From the Research
Quetiapine is not specifically recommended for HPPD (Hallucinogen Persisting Perception Disorder) and may potentially worsen anxiety or cause panic attacks in some individuals due to its complex effects on neurotransmitters. The use of quetiapine in anxiety disorders, such as generalized anxiety disorder, has been studied, and it has been found to be efficacious in reducing symptoms, but its tolerability is a concern, with common side effects including sedation and fatigue 1, 2. However, for HPPD, the evidence is not sufficient to support its use, and other alternatives may be more beneficial. Better alternatives for HPPD management include:
- lamotrigine (starting at 25mg daily, gradually increasing to 200-400mg daily), which has shown some benefit by modulating glutamate activity
- clonazepam (0.5-2mg daily), which can reduce visual symptoms and anxiety through GABA enhancement
- Selective serotonin reuptake inhibitors (SSRIs) like sertraline (50-200mg daily) may help with accompanying anxiety or depression, though some patients report mixed results Non-medication approaches are also important, including:
- avoiding all recreational drugs (including cannabis and alcohol)

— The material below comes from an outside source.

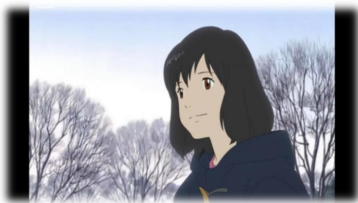
ภาพที่ 10 ฮานะตัดสินใจย้ายบ้าน ที่มา จากภาพยนตร์เรื่อง Wolf Children Ame and Yuli นาทีที่ 29.29

แต่การย้ายถิ่นในลักษณะนี้ก็ทำให้เห็นถึงภาพผู้ย้ายถิ่นจากเมืองไปชนบทว่า ผู้ย้ายถิ่นนั้นต้องพบเจอกับความลำบาก ไม่สะดวกเหมือนตอนอยู่ในเมืองแต่มีคนพื้นเมืองคอยช่วยเหลือ

- practicing stress reduction techniques
- cognitive behavioral therapy to address anxiety related to symptoms Treatment for HPPD often requires individualized approaches, as response varies significantly between patients, and should always be supervised by a healthcare provider familiar with this condition. The most recent and highest quality study on the topic of atypical antipsychotics in anxiety disorders, including quetiapine, was published in 2014 2, and it highlights the need for careful consideration of the risks and benefits of these medications in the treatment of anxiety disorders.